DNA of Iceland’s First Black Man Recreated From Living Descendants

Hans Jonatan escaped slavery in 1802 and now has hundreds of relatives in the country.

DNA of Iceland's First Black Man Recreated From Living Descendants
(Getty Images)

Hans Jonatan was born into slavery on a Caribbean sugar plantation, but he died in a small Icelandic fishing village. During his 43 years, he fought for the Danish Navy in Napoleonic Wars, lost a landmark case for his freedom and somehow escaped to become a farmer in Iceland.
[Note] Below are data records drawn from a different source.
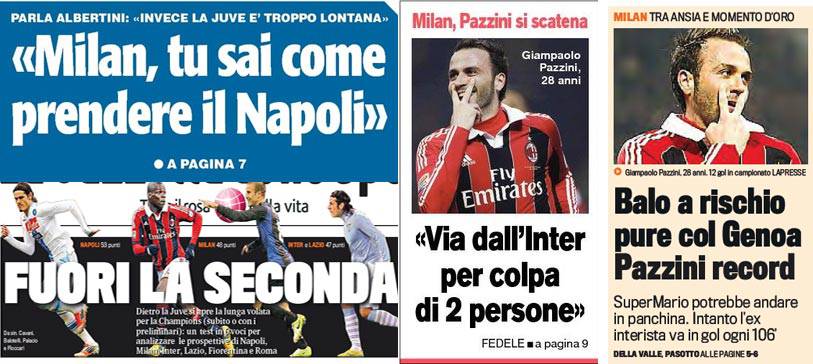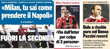 Rassegna stampa Milan: Balo a rischio col Genoa, Pazzini e la verità sull’addio, il Milan prende il Napoli – Foto 12/03/2013 - 19:2005/03/2013 - 07:12 di Redazione2 RASSEGNA STAMPA MILAN FOTO – Di seguito potete trovare i principali titoli dei tre quotidiani sportivi, La Gazzetta dello Sport, Corriere dello Sport e Tuttosport, riguardanti naturalmente il nostro Milan. La redazione di Milanlive.it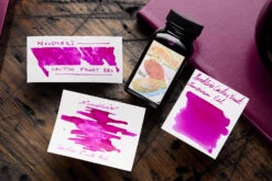 This ink works best with broader nibs on high quality paper to really see the shine.
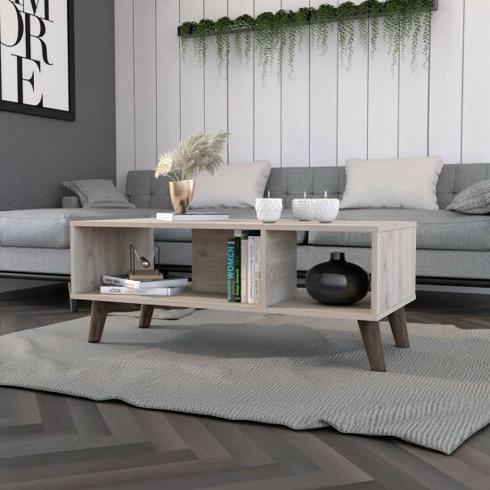 Oregon Coffee Table, end your search for the perfect coffee table – the Oregon Coffee Table has arrived! It features four legs and ample countertop space (39.8″ W X 18.5″ D), as well as two shelves for extra storage. Whether you’re looking to complete your living room collection or add a touch of style to your space, the Oregon Coffee Table is the perfect solution. Don’t wait any longer – order yours today! Designed with elegant light gray manufactured wood finish.

It is unclear how he got there and where he is buried today. But his story, the story of the country’s first black man, is local lore, passed down from his Icelandic wife and two children to hundreds of descendants since his death in 1827. Today, Jonatan’s descendants mostly lack the dark skin and curly hair that made it clear he was the son of a black mother, an enslaved woman named Emilia Regina, and a white father, whose identity remains unknown, according to The Atlantic. But his great-great-great-great grandsons and granddaughters still have his DNA, and scientists have shown that it is possible to reconstruct parts of his genome from him living descendants. It is also possible to trace his mother’s ancestry in Africa. Humans share some 99.5 percent of their DNA with each other, so geneticists look for variations distinguishing one group from another in that 0.5 percent. No single descendant of Jonatan’s carries his original genome, but they all carry a small part. So the team stitched together sequences found in 182 different descendants to recreate 38 percent of the African half of his genome.